- Sheikh Zuweid Location in Egypt Sheikh Zuweid Sheikh Zuweid (Egypt)
- Coordinates: 31°12′43″N 34°6′38″E﻿ / ﻿31.21194°N 34.11056°E
- Country: Egypt
- Governorate: North Sinai

Area
- • Total: 640.9 km^{2} (247.5 sq mi)
- Elevation: 88 m (289 ft)

Population (2021)
- • Total: 64,305
- Time zone: UTC+2 (EET)
- • Summer (DST): UTC+3 (EEST)

= Sheikh Zuweid =

Sheikh Zuweid (also spelled Sheikh Zoweid, Shaykh Zuwayd, or Sheikh Zouède; الشيخ زويد /ar/, ⲃⲁⲓⲧⲩⲗⲟⲩⲁ, Greek: Bitulion) is a Bedouin town in the North Sinai Governorate of Egypt near the border with the Gaza Strip. It is situated between the cities of Arish and Rafah and is 334 kilometers (214 miles) northeast of Cairo. It had a population of around 60,000 as of 2015.

==History==
A remarkable mosaic from Late Antiquity (between the mid-fourth and mid-fifth centuries) was found in Sheikh Zuweid in 1913, known from the archaeological literature as the Sheikh Zouède mosaic (leaning on the French spelling: Cheikh Zouède). It is currently preserved in a museum in Ismailia. The 6th century Madaba Map shows a settlement called Betulion (Greek Β[ητ]υλιον) in this location, possibly the Bethulia where Judith beheaded Holofernes in biblical legend.

The town is named after Sheikh Zuweid, a commander of the Rashidun Islamic army who fought during the Muslim conquest of Egypt alongside Amr ibn al-'As. He died at the site of the present town in 640.
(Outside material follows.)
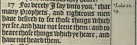 17 For verely I say vnto you, *that many Prophets, and righteous men haue desired to see those things which yee see, and haue not seene them: and to heare those things which ye heare, and haue not heard them.[*Luke 10.24.]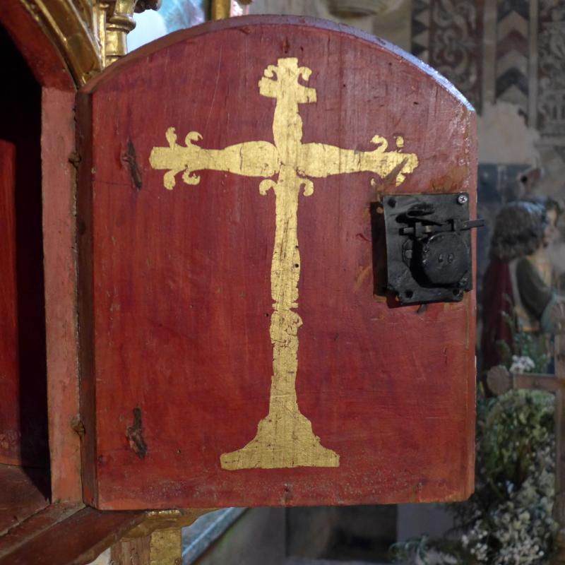 En la cara interior de la puerta se esgrafió una cruz dorada de brazos abalaustrados y remates flordelisados

During the 2011 Egyptian revolution, protests against the government of Hosni Mubarak were held in Sheikh Zuweid. On 27 January, one protester was killed by security forces attempting to disperse the demonstrations. On 14 May 2011, an unknown group bombed the Sufi shrine in Sheikh Zuweid. As many as 300 ISIS affiliated militants using mortars and car bombs attacked fifteen Army checkpoints just north of the city on July 1, 2015. The attacks killed 30 Egyptian soldiers and were part of a larger group of coordinated attacks across the Sinai.

==Climate==
Köppen-Geiger climate classification system classifies its climate as hot desert (BWh), as the rest of Egypt, but because it is close to the sea, its climate is highly moderated by prevailing Mediterranean Sea winds, typical to the north coast of Egypt and the east Mediterranean coast.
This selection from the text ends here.